BEGIN SOURCE MATERIAL
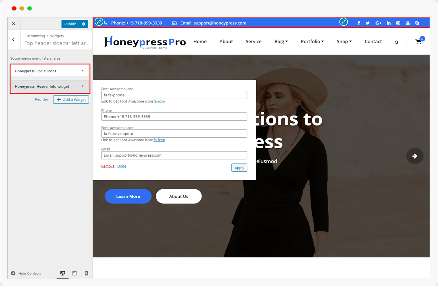 The theme offers its own custom widgets like Header Info Widget and Social Icons Widget.
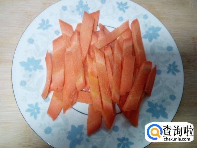 胡萝卜去皮,用水清洗干净,控干水分,切成片。
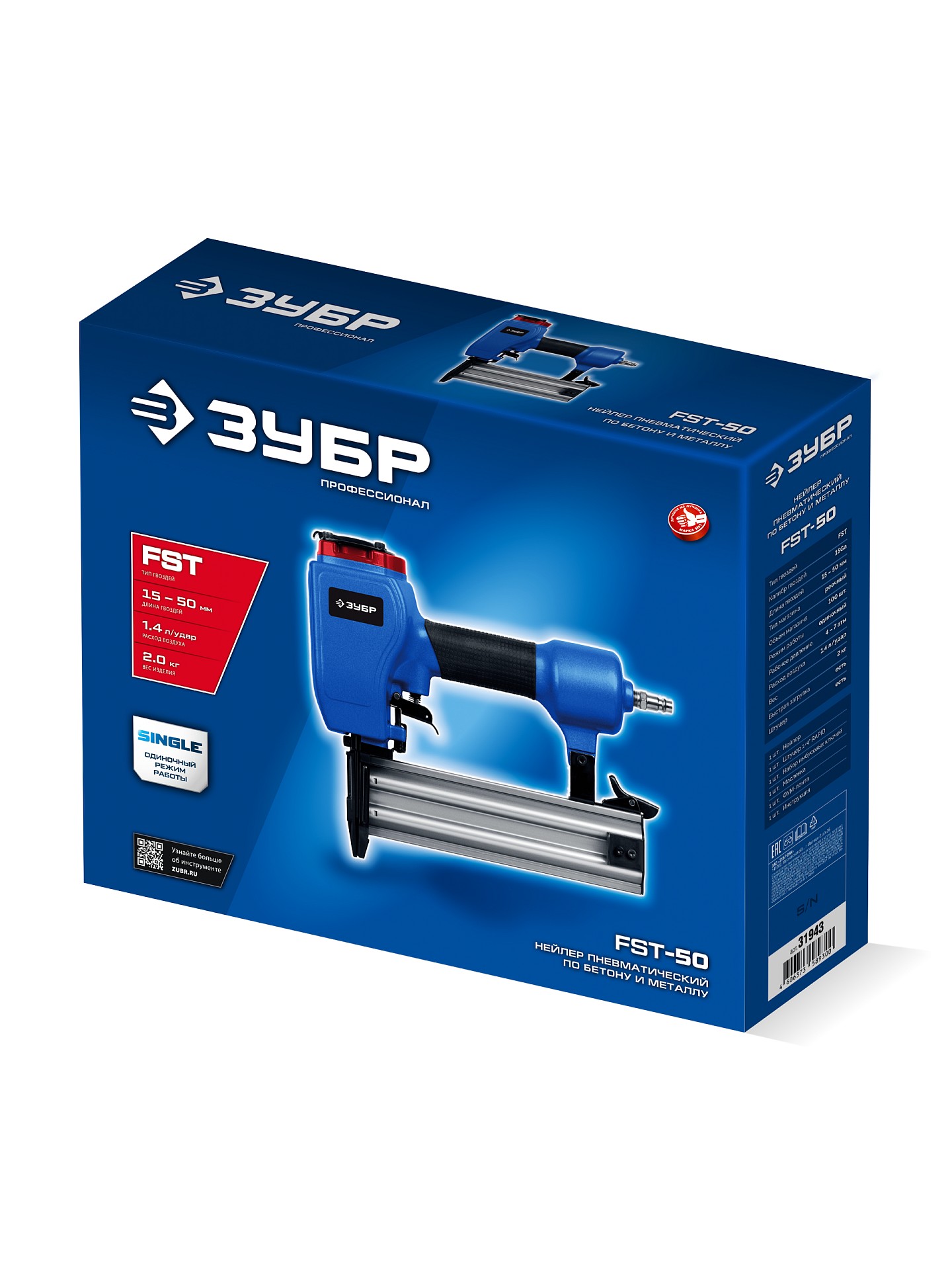 Нейлер (гвоздезабиватель) пневматический ЗУБР FST-50, предназначен для крепления различных тонких листовых материалов к бетону.
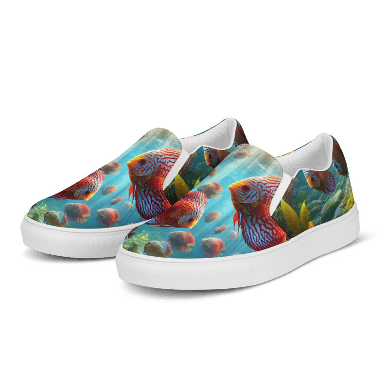 Dive into style with these 3D Discus Fish Slip‑On Shoes. Featuring a bold red pattern inspired by tropical Discus Fish. The artful design showcases swirling fish in vivid hues, printed on a breathable canvas. Perfect for sunny outings, beach vibe days, or as a unique gift, these shoes combine underwater elegance and everyday comfort.
END SOURCE MATERIAL
*WORK REQUIRED*. Skip the pictures. Please copy exactly the lines from the one with "胡萝卜去皮,用水清洗干净,控干水分,切成片。" through the final line of the material above, both ends included.

*YOUR RESPONSE*.
 胡萝卜去皮,用水清洗干净,控干水分,切成片。
 Нейлер (гвоздезабиватель) пневматический ЗУБР FST-50, предназначен для крепления различных тонких листовых материалов к бетону.
 Dive into style with these 3D Discus Fish Slip‑On Shoes. Featuring a bold red pattern inspired by tropical Discus Fish. The artful design showcases swirling fish in vivid hues, printed on a breathable canvas. Perfect for sunny outings, beach vibe days, or as a unique gift, these shoes combine underwater elegance and everyday comfort.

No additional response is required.